(Your instructions):
Repeat the entire listing exactly. Omit all pictures.

(Source data):
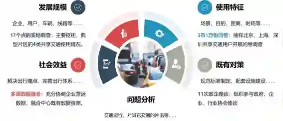 目前全行业在共享交通实际应用层面的基础研究都很薄弱,能够作为应用支撑依据的研究很少,项目基于共享交通功能定位和应用场景,明确共享交通利益主体的责任与权益,从风险管控和多样化服务的角度,提出规模、安全、服务、设施和信息化等方面应对策略,,提出经营模式、补贴模式、监管考核方式等重要管理问题的政策建议。
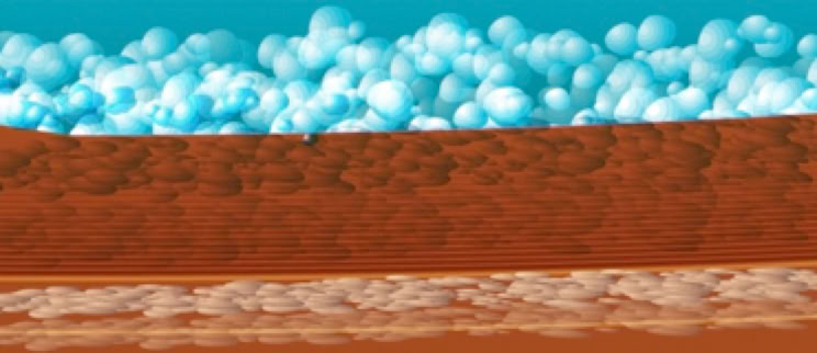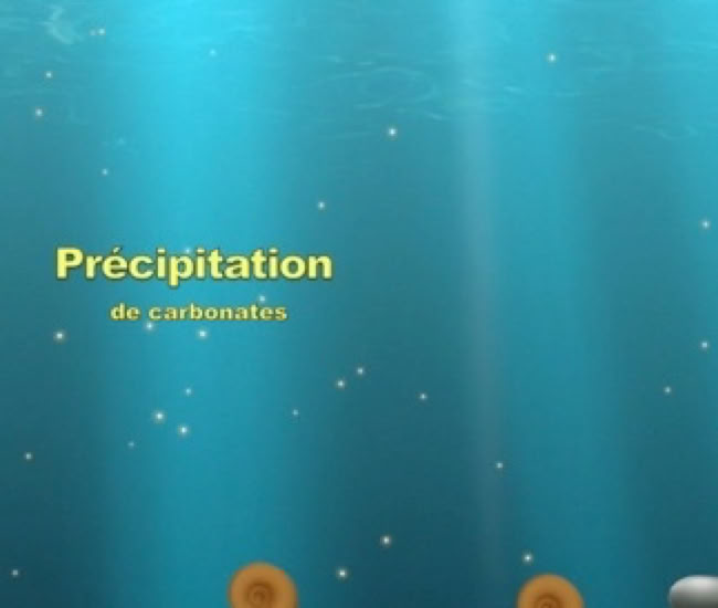 Scène 8 : précipitations des Ions calciums et bicarbonates en fine particule de calcaire.
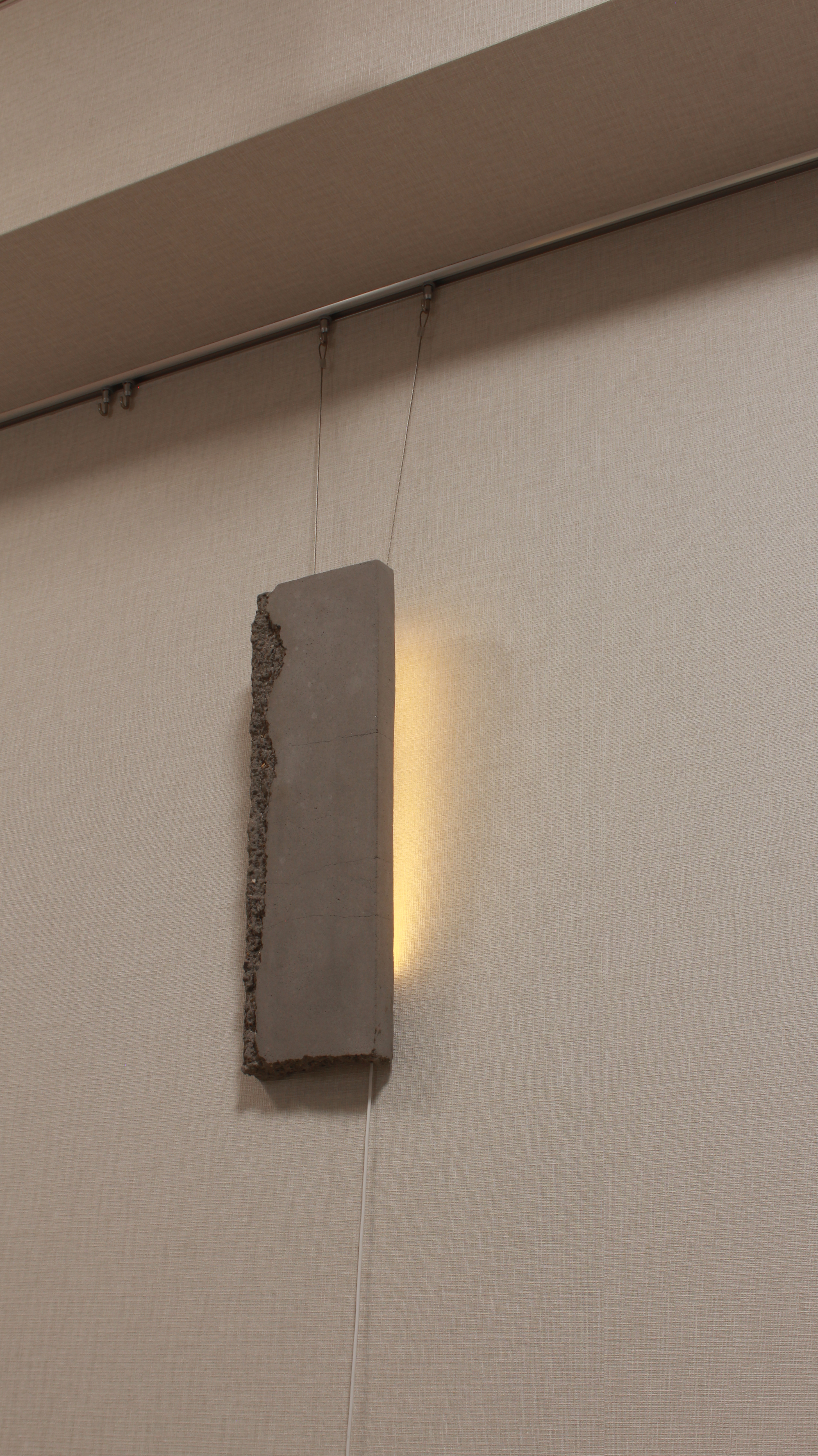 Lineのコンセプトである神殿。その『壁面』をイメージし、コンクリートで製作した吊り下げ式のウォールライトになります。

(Answer to the exercise):
 目前全行业在共享交通实际应用层面的基础研究都很薄弱,能够作为应用支撑依据的研究很少,项目基于共享交通功能定位和应用场景,明确共享交通利益主体的责任与权益,从风险管控和多样化服务的角度,提出规模、安全、服务、设施和信息化等方面应对策略,,提出经营模式、补贴模式、监管考核方式等重要管理问题的政策建议。
 Scène 8 : précipitations des Ions calciums et bicarbonates en fine particule de calcaire.
 Lineのコンセプトである神殿。その『壁面』をイメージし、コンクリートで製作した吊り下げ式のウォールライトになります。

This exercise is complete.